In order to iterate a sequential learning pipeline, a regressor is needed to select subsequent candidate systems. For this purpose, there is the Predictor object class. This contains two key attributes:

  • a regressor that can be fit to data and used for predictions (the class provided must have fit and predict methods)
  • a Featurizer to be used for featurizing the structures. There are two currently implemented approaches, structure methods that featurize the entire structure (e.g. SineMatrix, ElementProperty) and adsorbate methods that featurize locally (e.g. SOAP).

Generally, this predictor object behaves similarly to regressors found in sklearn with its own fit, predict, and score methods.

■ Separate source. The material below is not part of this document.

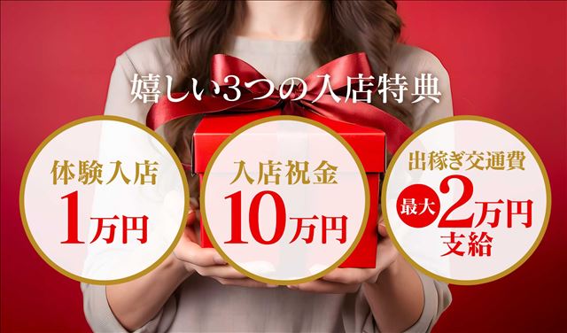 当店では、初めての方にも嬉しい体験入店特典をご用意しています。全国大手グループだからこその安心サポートに加え、入店祝金は最大10万円!応募者全員に体験入店1万円ボーナスもプレゼント。さらに、遠方からの出稼ぎ希望者には交通費最大2万円を支給します。始めやすく続けやすい環境で、あなたの新しい一歩をしっかり応援します。
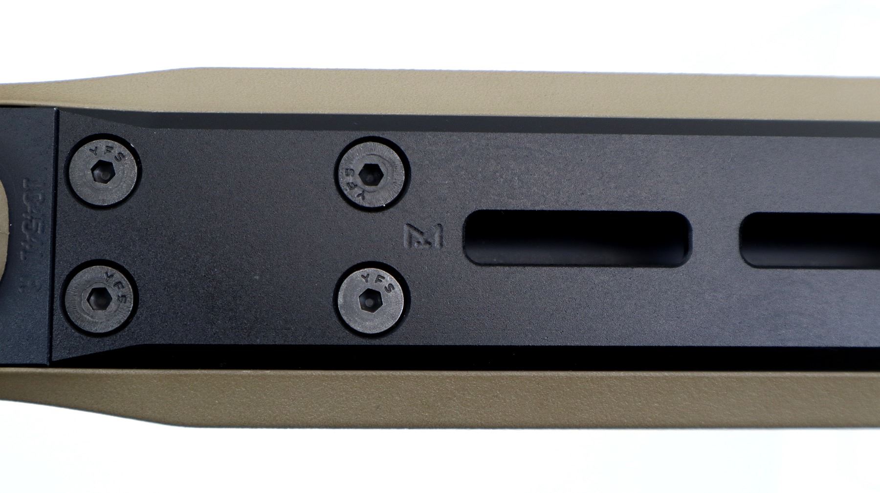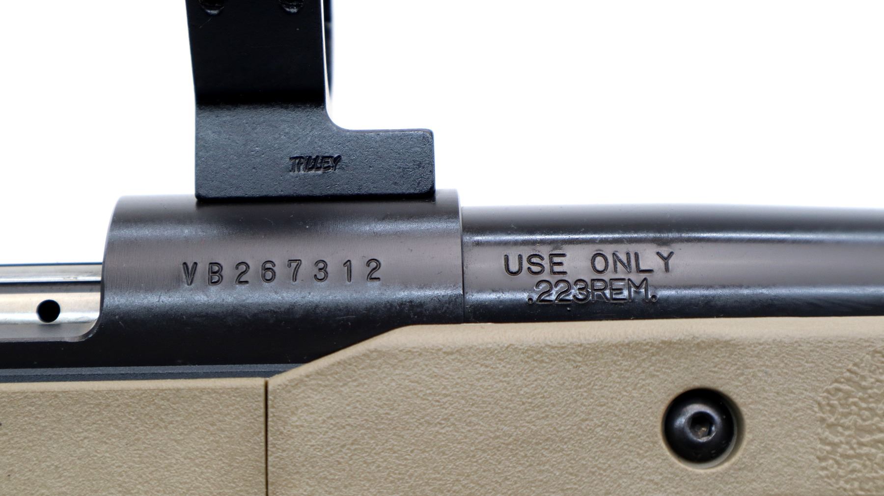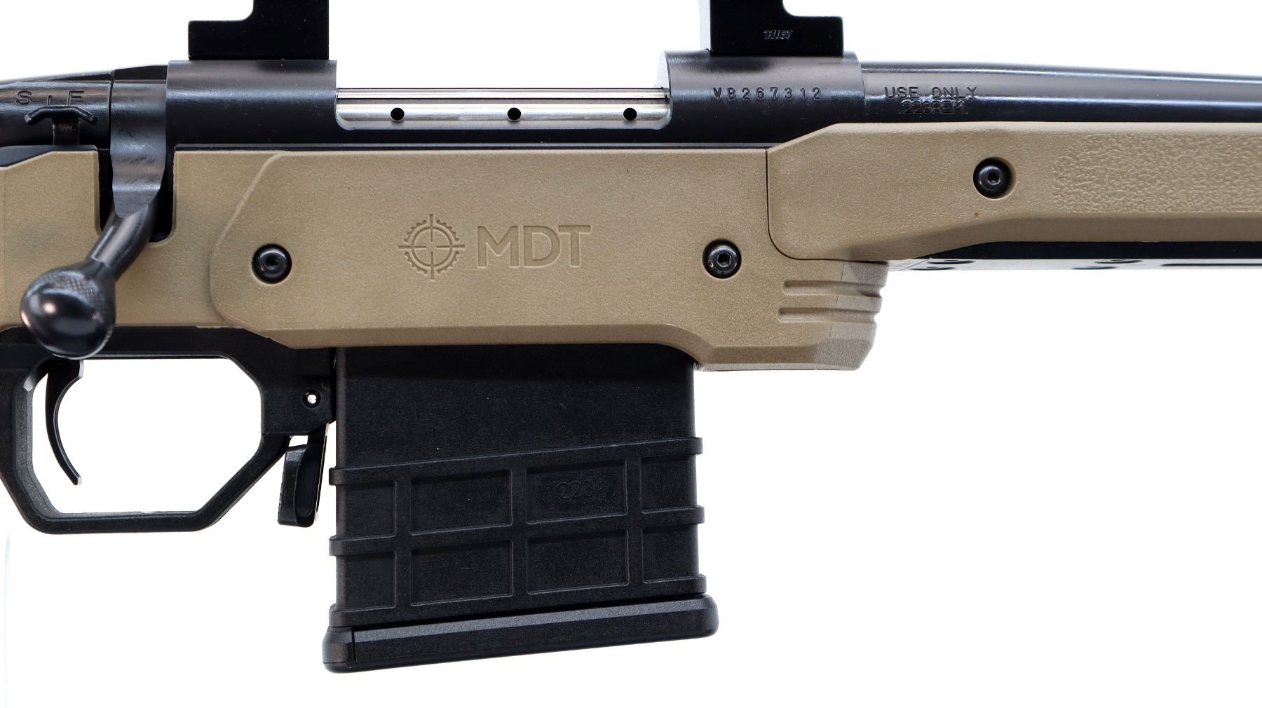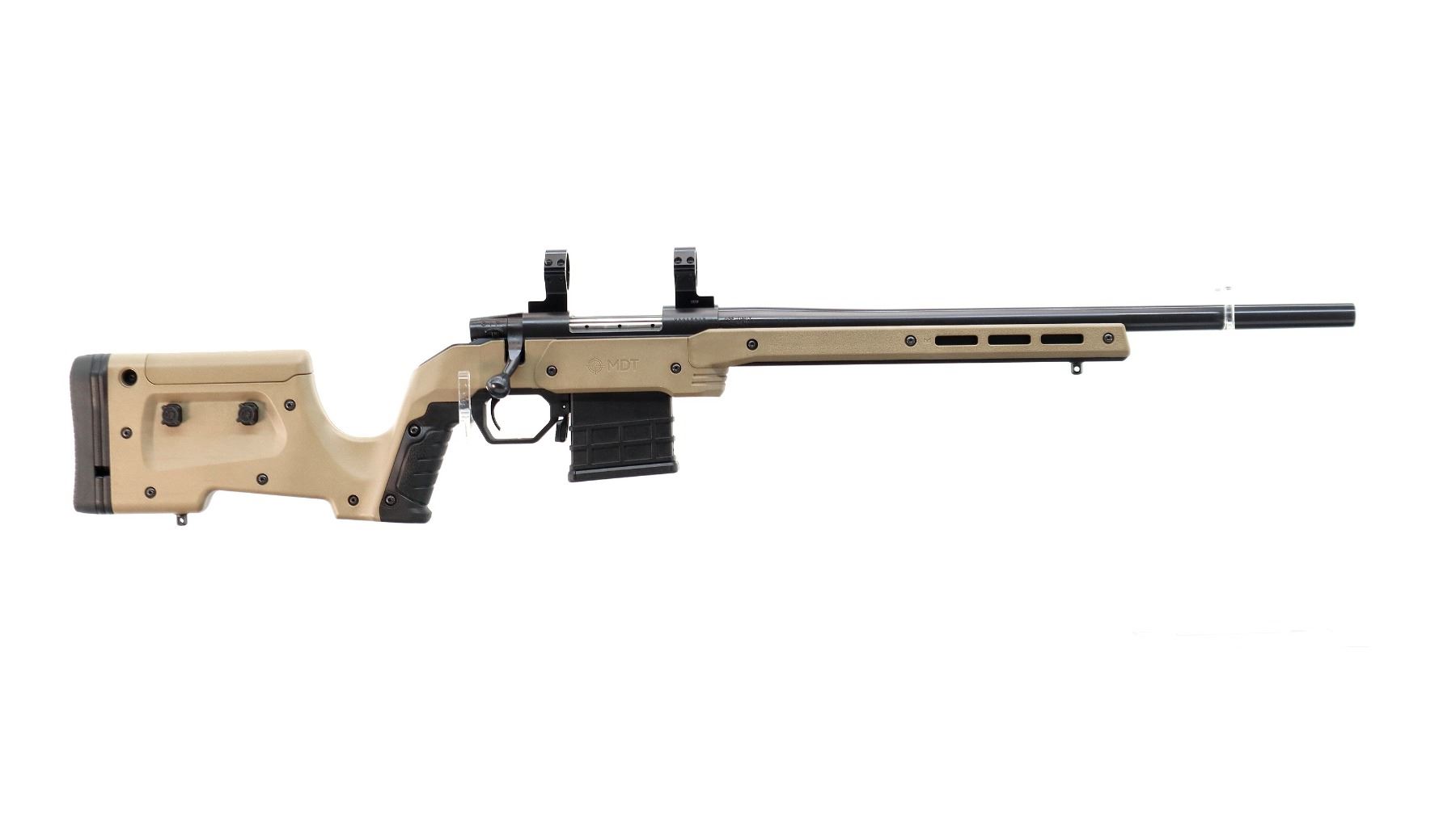 Main Description: No sights, Parkerized metal finish, heavy barrel, receiver drilled and tapped with 30mm rings installed, checkered bolt knob. Two piece MDT XRS FDE synthetic stocks, ventilated forearm, grooved pistol grip, adjustable comb, grooved black rubber recoil pad with spacers, extended ambi mag release, swivel studs.

As an example, let's train a random forest regressor on some single atom alloys.

>>> import numpy as np
>>> from dscribe.descriptors import SineMatrix
>>> from sklearn.ensemble import RandomForestRegressor
>>> from autocat.saa import generate_saa_structures
>>> from autocat.utils import flatten_structures_dict
>>> from autocat.learning.featurizers import Featurizer
>>> from autocat.learning.predictors import Predictor
>>> saa_dict = generate_saa_structures(["Cu", "Au", "Fe"], ["Pt", "Ru", "Ni"])
>>> saa_structs = flatten_structures_dict(saa_dict)
>>> labels = np.random.randint(1, size=(len(saa_structs) - 1))
>>> featurizer = Featurizer(
...     featurizer_class=SineMatrix
... )
>>> regressor = RandomForestRegressor()
>>> acp = Predictor(
...     regressor=regressor,
...     featurizer=featurizer,
... )
>>> acp.fit(saa_structs[:-1], labels)
>>> acp
+-----------+----------------------------------------------------------+
|           |                        Predictor                         |
+-----------+----------------------------------------------------------+
| regressor | <class 'sklearn.ensemble._forest.RandomForestRegressor'> |
|  is fit?  |                           True                           |
+-----------+----------------------------------------------------------+
+-----------------------------------+----------------------------------------------------+
|                                   |                     Featurizer                     |
+-----------------------------------+----------------------------------------------------+
|               class               |     dscribe.descriptors.sinematrix.SineMatrix      |
|               kwargs              |                        None                        |
|            species list           | ['Fe', 'Ni', 'Pt', 'Pd', 'Cu', 'C', 'N', 'O', 'H'] |
|       maximum structure size      |                        100                         |
|               preset              |                        None                        |
| design space structures provided? |                       False                        |
+-----------------------------------+----------------------------------------------------+
>>> pred, _ = acp.predict([saa_structs[-1]])
>>> pred
array([0.])
Here we have chosen to featurize the structures as a SineMatrix.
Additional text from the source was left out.